Economy and Infrastructure

Corcelles was a village dominated by agriculture , especially dairy farming and cattle breeding, well into the 20th century . Even today, the residents live mainly from their work in the first sector. Outside the primary sector there are few jobs in the village.

The village is off the major thoroughfares on a departmental road that leads from Vieu-d'Izenave to Champdor. Further road connections exist with Aranc and Brénod. The closest connection to the A40 motorway is around 15 kilometers away.

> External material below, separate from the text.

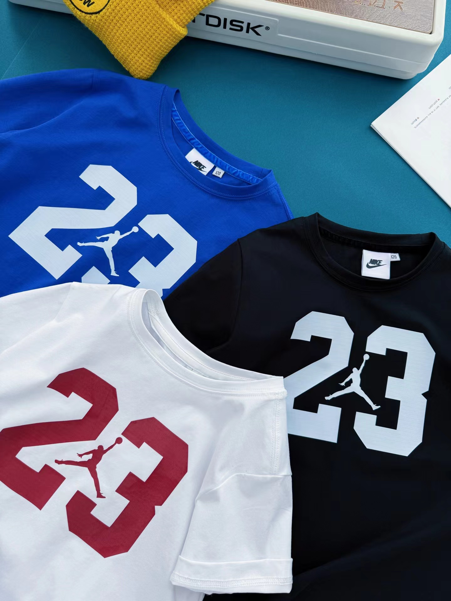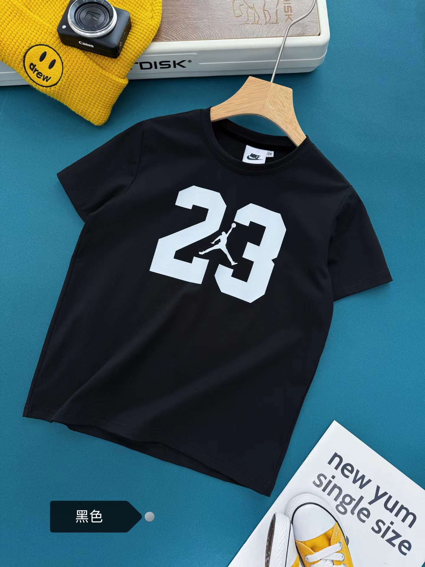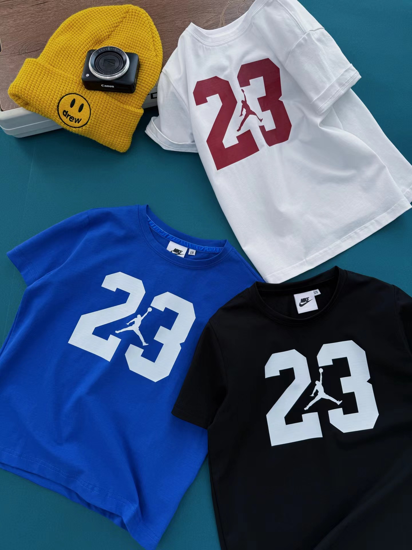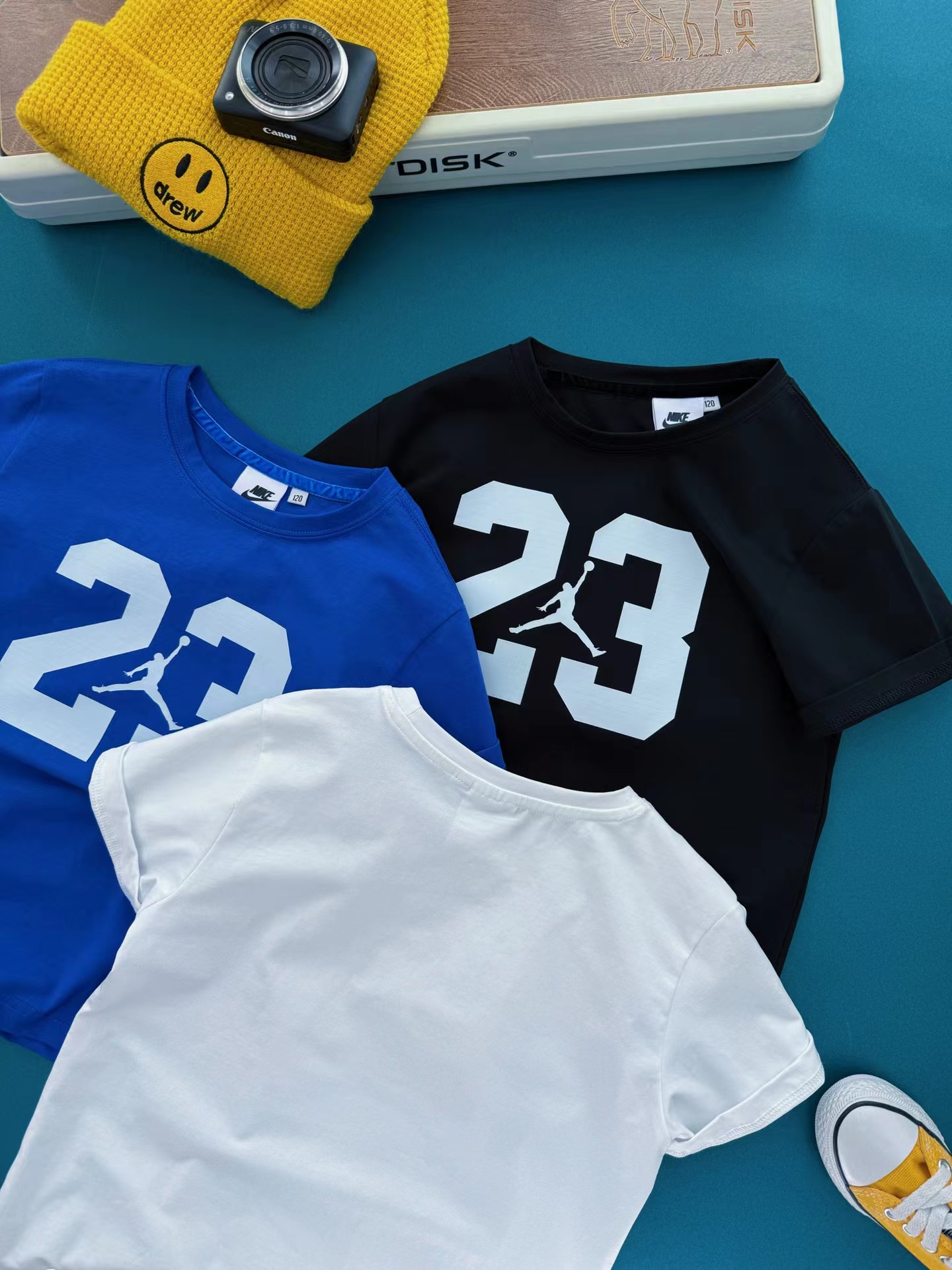 【夏日刚需】儿童23号圆领短袖|凉感棉感+运动风拉满100纯棉冰凉手感,经dian23号飞人印花,男女宝通吃的百搭wang炸款! 面料党狂喜:精选100精梳棉,上手自带凉感,透气不闷汗,夏天疯玩也不粘身,软糯亲肤不磨宝宝娇嫩肌肤。颜值即正义:经dian23号+飞人剪影印花,运动风拉满,配短裤、运动裤都超吸睛,男宝女宝都能穿出潮娃感。细节控安心:圆领贴合颈部不卡脸,走线工整耐造,机洗不变形,日常遛娃、幼儿园、运动课都能穿,实穿度拉满

In Corcelles there is a state école primaire (elementary school with an integrated preschool ).

Web links

Commons : Corcelles  - collection of images, videos and audio files

Individual evidence

  1. ^ André Buisson: Carte Archéologique de la Gaule - Ain 01 . Académie des Inscriptions et Belles-Lettres , 1990, ISBN 2-87754-010-3 , pp. 58 (French, limited preview in Google Book search).
  2. ^ Marie-Claude Guigue: Topography Historique du Département de l'Ain . Bourg-en-Bresse et Lyon, A. Brun, 1873, p. 115 (French, online [accessed January 18, 2014]).
  3. ^ Corcelles - notice communal. In: cassini.ehess.fr. Retrieved June 11, 2015 (French, INSEE population from 1968 ).